45. Event Service

Event Service is an example how state machine concepts can be used as a processing engine for events. Sample was born out from a question:

[Note]Note

Can Spring Statemachine be used as a microservice to feed events to it with millions different state machine instances.

In this example we will use a Redis to persist a state machine instances.

Obviously a million state machine instances in a jvm would be a relatively bad idea due to memory constraints.
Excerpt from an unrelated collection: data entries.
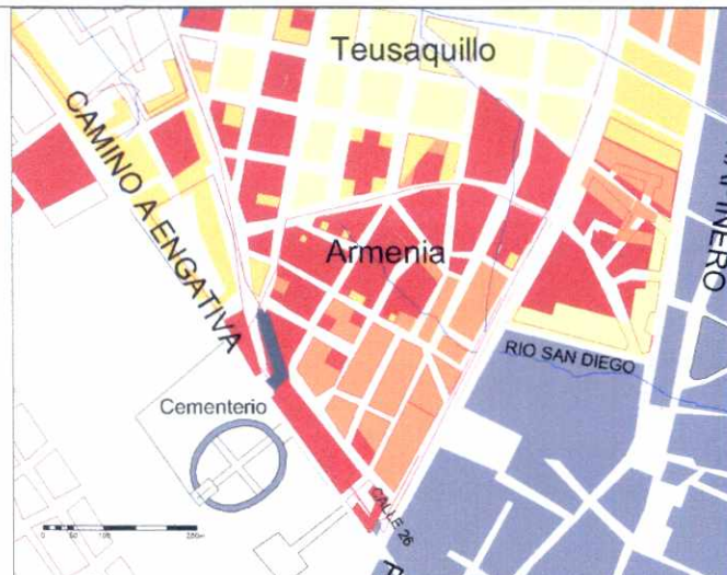
CRECIMIENTO HISTÓRICO - CRONOLOGÍA
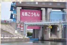
けまこうもん 毛馬閘門
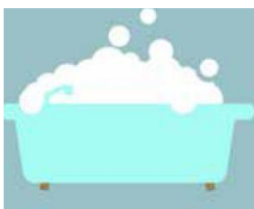
Prendre un bain
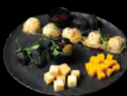
RINKINYS PRIE VYNO
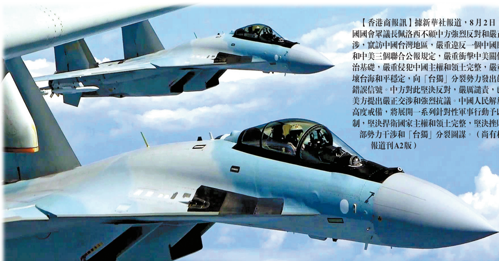
央視昨晚報道，解放軍蘇-35戰機穿越台灣海峽。

【香港商報訊】據新華社報道，8月2日，美國國會眾議院議長佩洛西不顧中方強烈反對和嚴正交涉，竄訪中國台灣地區，嚴重違反一個中國原則和中美三個聯合公報規定，嚴重衝擊中美關係政治基礎，嚴重侵犯中國主權和領土完整，嚴重破壞台海和平穩定，向「台獨」分裂勢力發出嚴重錯誤信號。中方對此堅決反對，嚴厲譴責，已向美方提出嚴正交涉和強烈抗議。中國人民解放軍高度戒備，將展開一系列針對性軍事行動予以反制，堅決捍衛國家主權和領土完整，堅決挫敗外部勢力干涉和「台獨」分裂圖謀。（尚有相關報道刊A2版）
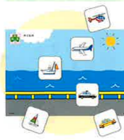
のりものマグネットカード
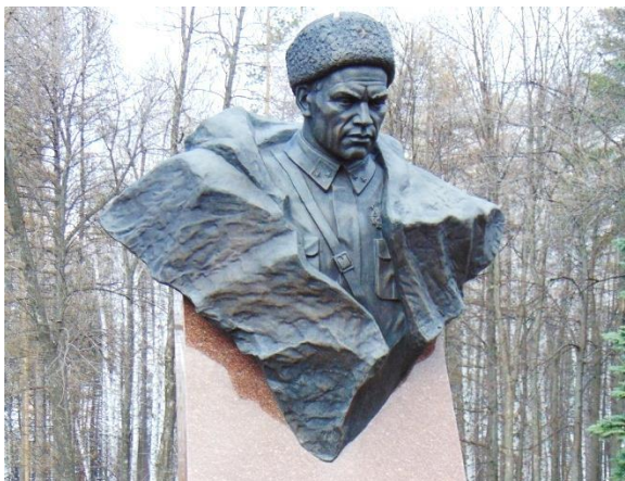
Бюст героя установлен в Уфе в парке Победы

достойно в стране, которой они будут гордиться. Дорогие друзья, я хочу еще раз поздравить всех с праздником и сказать вам просто человеческое спасибо», — заключил временно исполняющий обязанности главы ДНР Денис Пушилин.
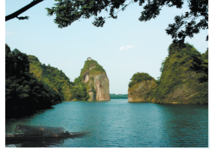
两岸奇峰如同“动物园”

《大美中国》栏目欢迎投稿。稿件要求以纪实性的图片为主,紧扣“大美中国”主题,内容不限,可人可景可物。投稿请发至邮箱:ywdmzg@163.com,并以“大美中国”为邮件标题,同时提供详细个人信息。
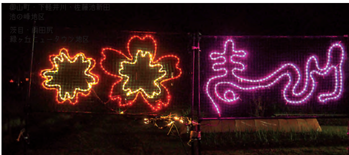
夢拓塾作成、桜の花形イルミネーション
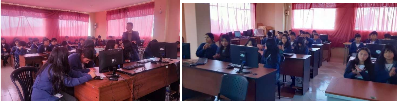
Foto 87: Talleres de bienestar emocional a niños, niñas y adolescentes

y adolescentes. Estas actividades contaron con el valioso aporte profesional que permitió su adecuada ejecución.
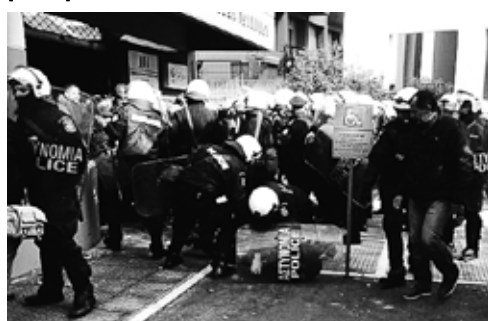
Από την καταστολή στο MARKET IN 2017

Στις 17 Νοέμβρη, και στην Πανελλαδική Απεργία στις 26/11 ακυρώσαμε στην πράξη τις απαγορεύσεις τους, το στόχο να επιβληθεί «σιγή νεκροταφείου». Όταν ο λαός δεν εναποθέτει τις ελπίδες του σε κυβερνητικές αλλαγές, αλλά διεκδικεί αγωνιστικά το δικό του, μόνο τότε αποσπά κατακτήσεις, αποτρέπει τα χειρότερα.
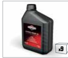
100006E 4-Takt Motorenöl 1,4L
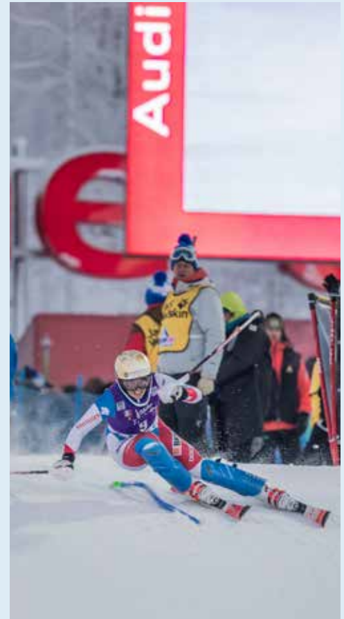
Nykymuotoisen Levin maailmancupin 10-vuotisjuhlat houkuttelivat noin 15 000 ihmistä Leville viikonlopun aikana.
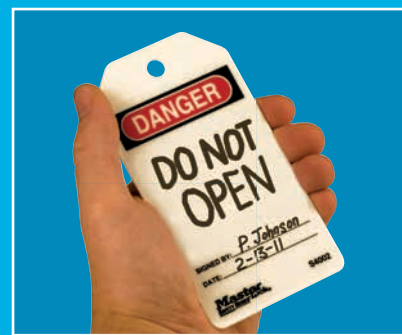
Nouveau message prêt pour le projet suivant
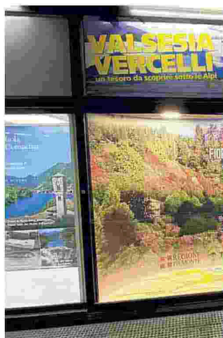
I pannelli in metropolitana

Dal Sacro Monte di Varallo alla fioritura dei rododendri al parco della Burcina, dalle terre del vino di Gattinara al foliage delle montagne in autunno. Vercellese e Biellese si mettono letteralmente in vetrina, e lo fanno in un luogo cruciale per il passaggio di turisti nazionali e internazionali: piazza Duomo a Milano. Alcuni pannelli pubblicitari che riportano le eccellenze dei due territori piemontesi sono stati sistemati all'uscita della metropolitana, a pochi metri dalla Madonnina e in un luogo strategico del turismo Made in Italy: un sito,
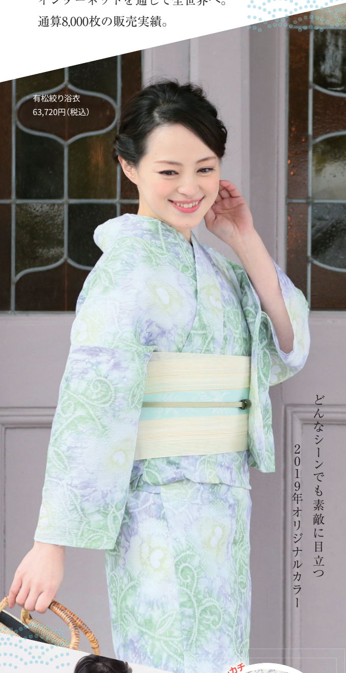
有松絞り浴衣 63,720円(税込)

1983年創業。2001年WEBショップ「つゆくさ」開設。 毎シーズン有松絞り浴衣をプロデュース。 インターネットを通じて全世界へ。 通算8,000枚の販売実績。
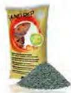
Verde ART 470753
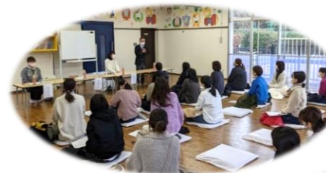
○令和6年1月19日 仔鹿園との交流会
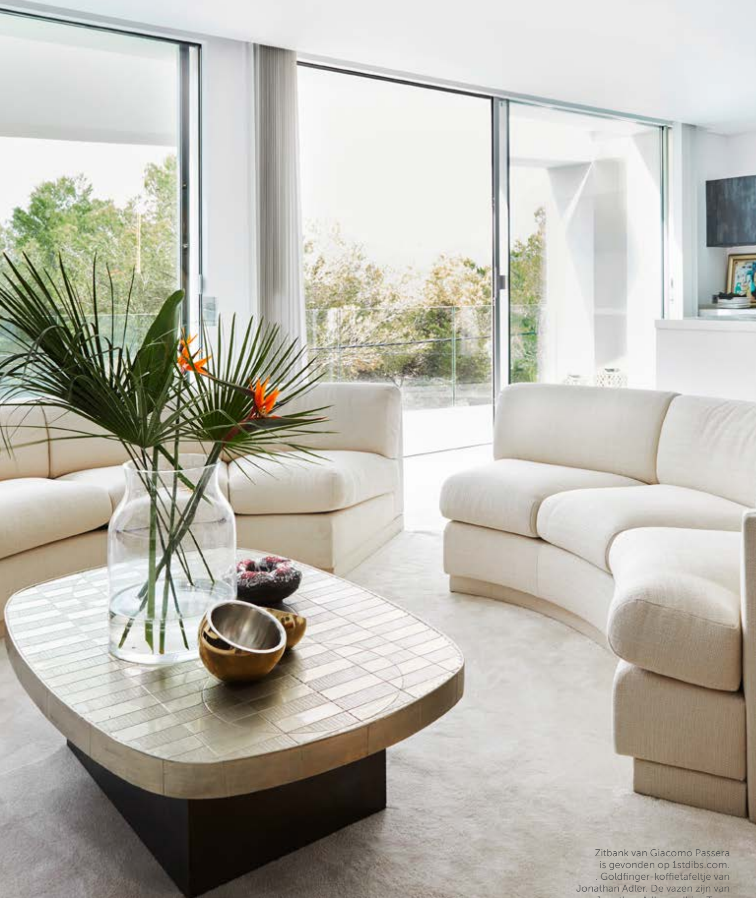
Zitbank van Giacomo Passera is gevonden op 1stdibs.com. Goldfinger-koffietafelje van Jonathan Adler. De vazen zijn van Jonathan Adler en Ibiza Troc.

“MET ALLE VIERKANTE VORMEN IN HET HUIS WILDE IK DE PERFECTE, SENSATIONELE, RONDE BANK VINDEN”
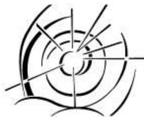
F. Rode, Zakladnica molitve

Gospod, naj svetloba tvojega vstajenja ožarja naše dneve, premagaj strah v globinah naše zavesti. Naj utihnejo naše žalostne popevke, naj umolkne krik obupa. Naj žarki velikonočne zarje zasijejo v naših očeh in odsevajo na naših obrazih. Naj tvoja radost osvoji naša srca. Gospod, daj nam zmagovito upanje. Premagaj nas! Premagaj naše zakrknjeno srce, razbij naše plahe misli, preženi našo grešno žalost. Odpusti nam grehe proti veselju in upanju.
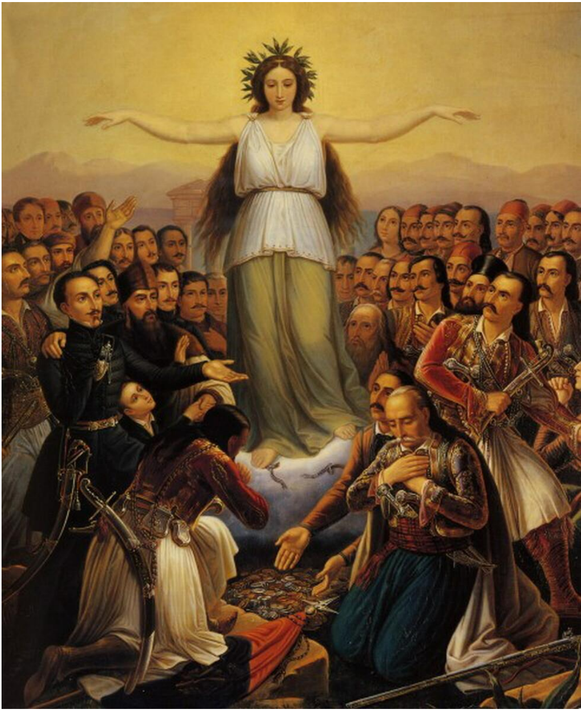
Θεόδωρος Βρυζάκης: Η Ελλάδα ευγνωμονούσα
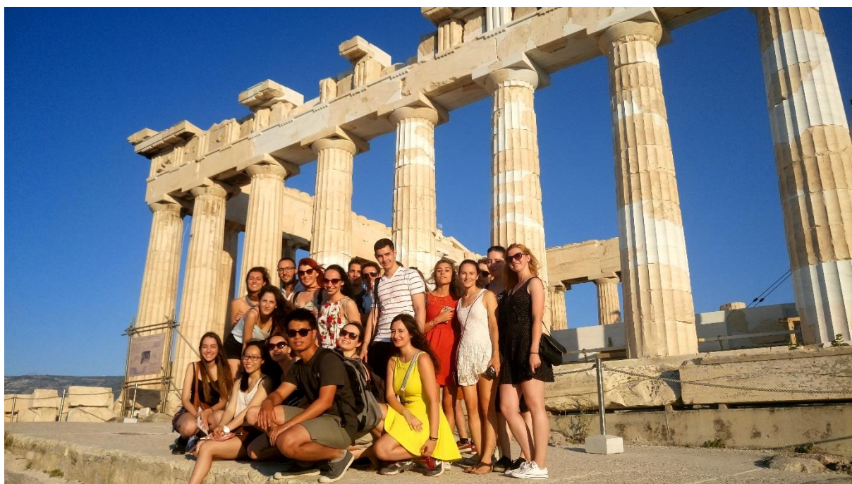
Slika 3: Večji del naše skupine pred veličastnim Partenonom
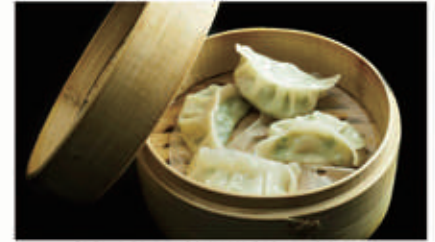
39. RAVIOLI DI POLLO 1,6,11 € 5,00
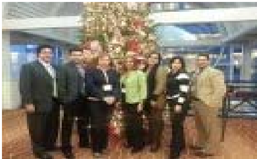
Foto de: Directores de Planificación de las Unidades de UPR-Bayamón, UPR-Utuado, UPR-Ponce, Administración Central, UPR-Arecibo y UPR-Aguadilla en la Conferencia Anual de MSCHE.

Más información: www.acreditación.blogs.upra.edu
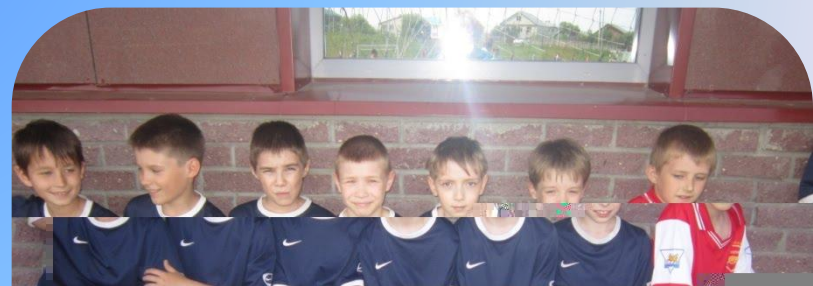
Младша я группа
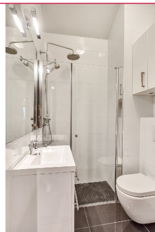
Felles flislagt bad
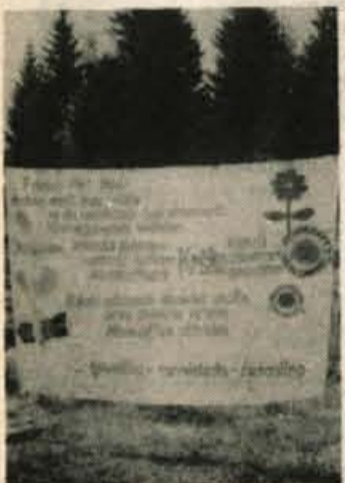
»Zeleni« za mir — Tudi na tromeji so se oglasili mirovniki in zapisali: v Avstriji ukiniti izvoz orožja, v Jugoslaviji zapreti jedrsko elektrarno v Krškem, iz Italije odstraniti atomsko orožje...

Minulo nedeljo so člani turističnih društev Rateče, Trbiž in Podklošter odlično organizirali

This simply leads to other available features from a Spring Statemachine to persist a StateMachineContext and re-use existing instances.

We assume few things like there is a shopping application which is sending different types of PageView events into a separate microservice which is then tracking user behaviour using a state machine. State model is shown below which simply have few states representing user navigating on product items list, add and remove items from a cart and going to a payment page and initiating a pay operation. Actual shopping application would send these events into this service for example using a simple rest calls. More about this later.

[Note]Note

Remember that focus here is to have an application which is exposing a REST api user can use to send events which would be processed by a state machine per request.

statechart14

In below state machine configuration we simply model what we have in a state chart. Various actions are updating state machine Extended State to track number of entries into various states and also how many times internal transition for ADD and DEL are called and if PAY has been executed. Don’t focus on stateMachineTarget or @Scope for now, as we’ll explain those in a bit.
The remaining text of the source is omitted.